Exercise details: The line containing "Esta madrugada de" marks the end: extract everything from the first line of the data through that line, exactly, with no pictures.

Collected material:
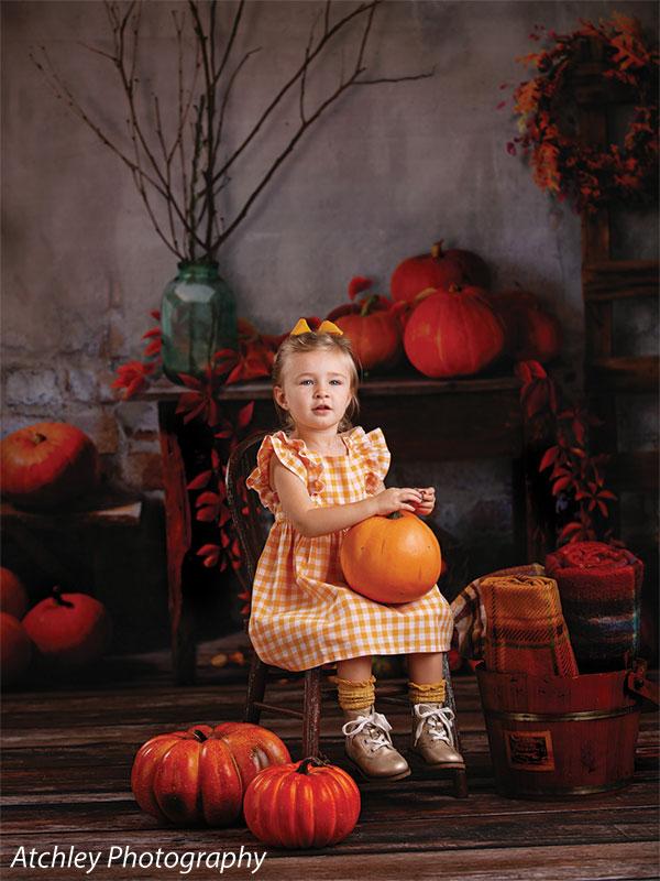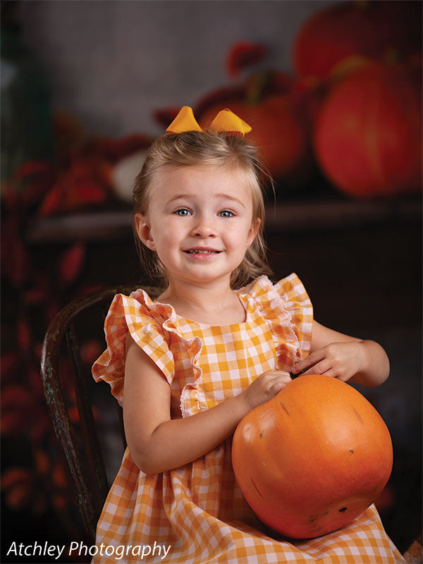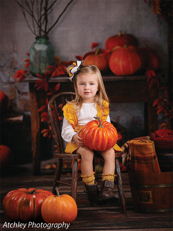 This backdrop is perfect for photographers aiming to evoke the cozy and nostalgic feel of fall in their images. It's an excellent choice for family portraits, seasonal child photography, and product shoots that require a warm, inviting backdrop. The natural elements and earthy tones make this setting versatile and easy to work with, offering a beautiful contrast for subjects in various poses.
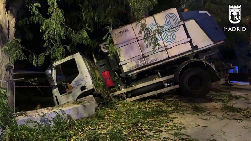 Esta madrugada de martes, 7 de octubre, los Bomberos del Ayuntamiento de Madrid han llevado a cabo una compleja maniobra de rescate para recuperar una baldeadora de limpieza que se precipitó por la Cuesta de la Vega, en pleno centro de la capital. El vehículo, de gran tonelaje, perdió el control y acabó encajado entre dos árboles, suspendido parcialmente sobre una zona ajardinada de las conocidas revueltas.
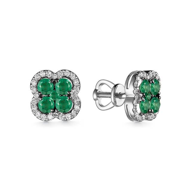 Серьги пусеты из белого золота с бриллиантами и изумрудами (055759)
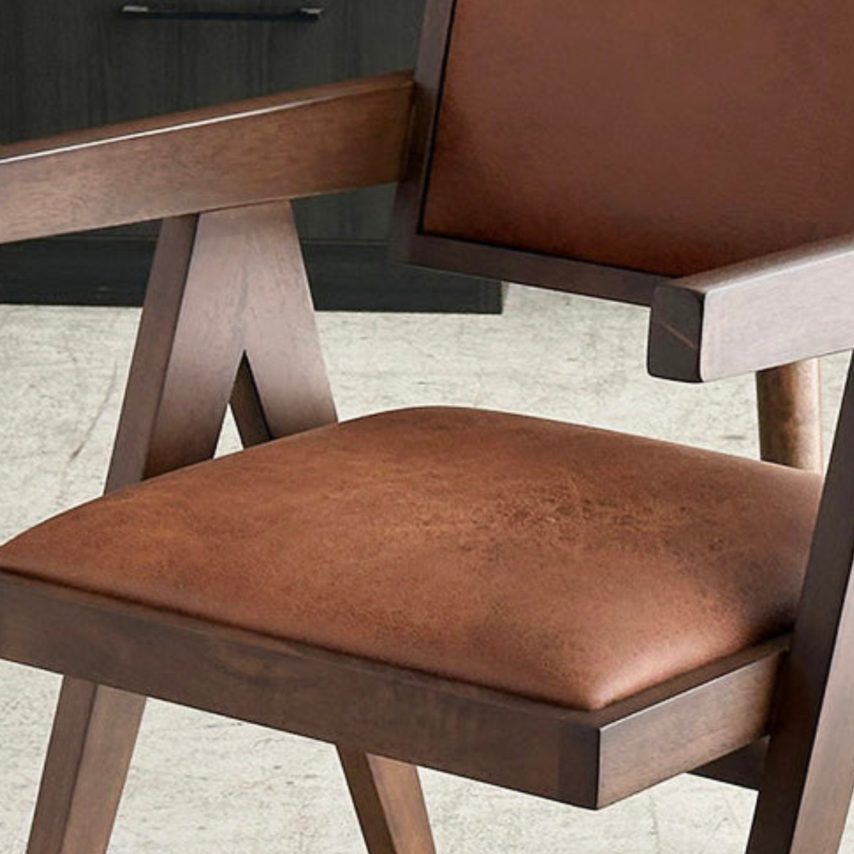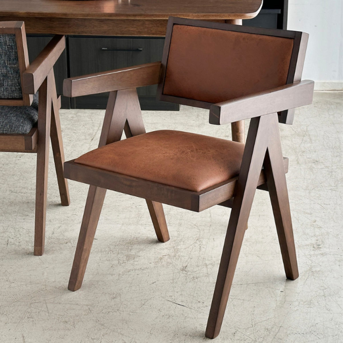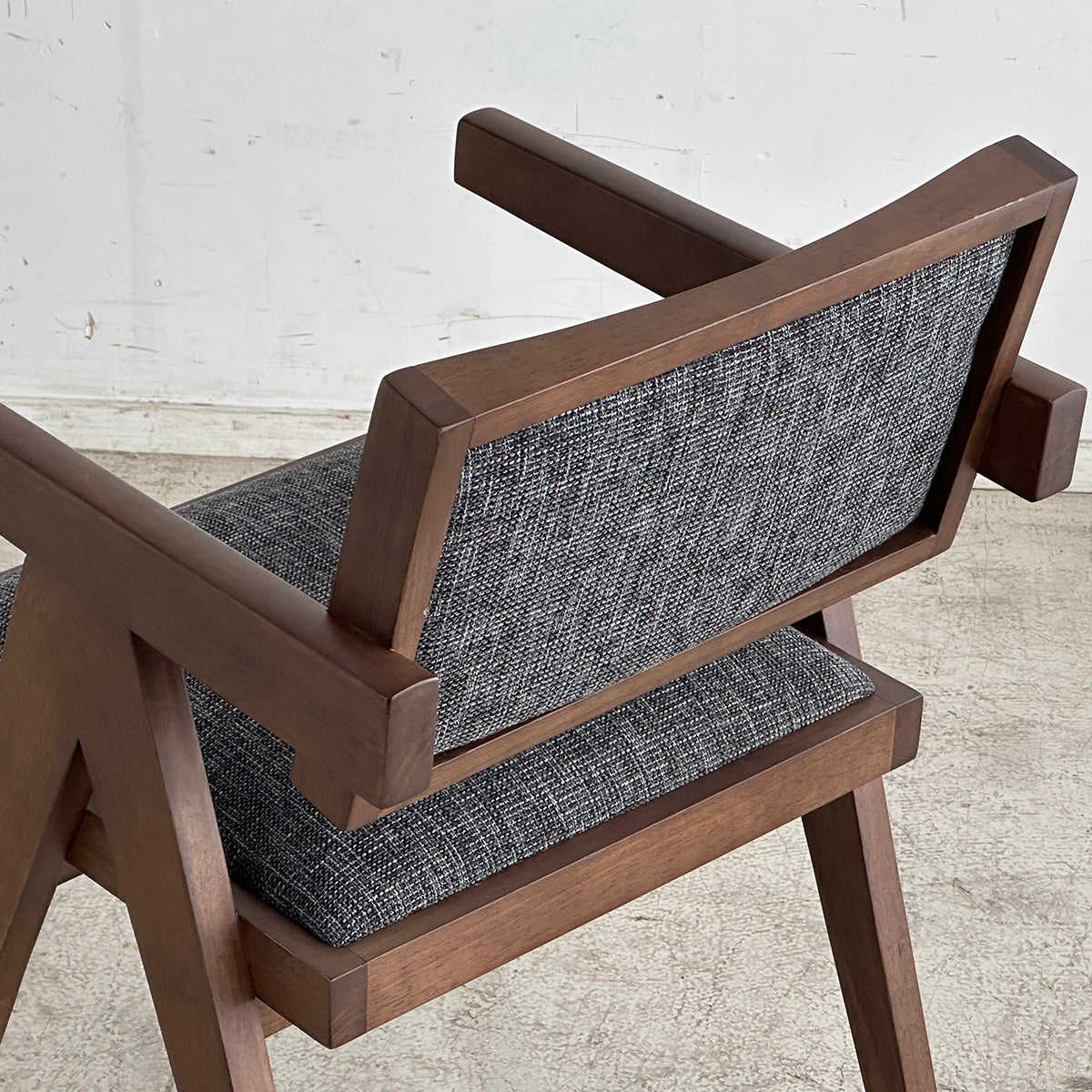 木材と張地の質感が調和する洗練チェア

Answer section:
 This backdrop is perfect for photographers aiming to evoke the cozy and nostalgic feel of fall in their images. It's an excellent choice for family portraits, seasonal child photography, and product shoots that require a warm, inviting backdrop. The natural elements and earthy tones make this setting versatile and easy to work with, offering a beautiful contrast for subjects in various poses.
 Esta madrugada de martes, 7 de octubre, los Bomberos del Ayuntamiento de Madrid han llevado a cabo una compleja maniobra de rescate para recuperar una baldeadora de limpieza que se precipitó por la Cuesta de la Vega, en pleno centro de la capital. El vehículo, de gran tonelaje, perdió el control y acabó encajado entre dos árboles, suspendido parcialmente sobre una zona ajardinada de las conocidas revueltas.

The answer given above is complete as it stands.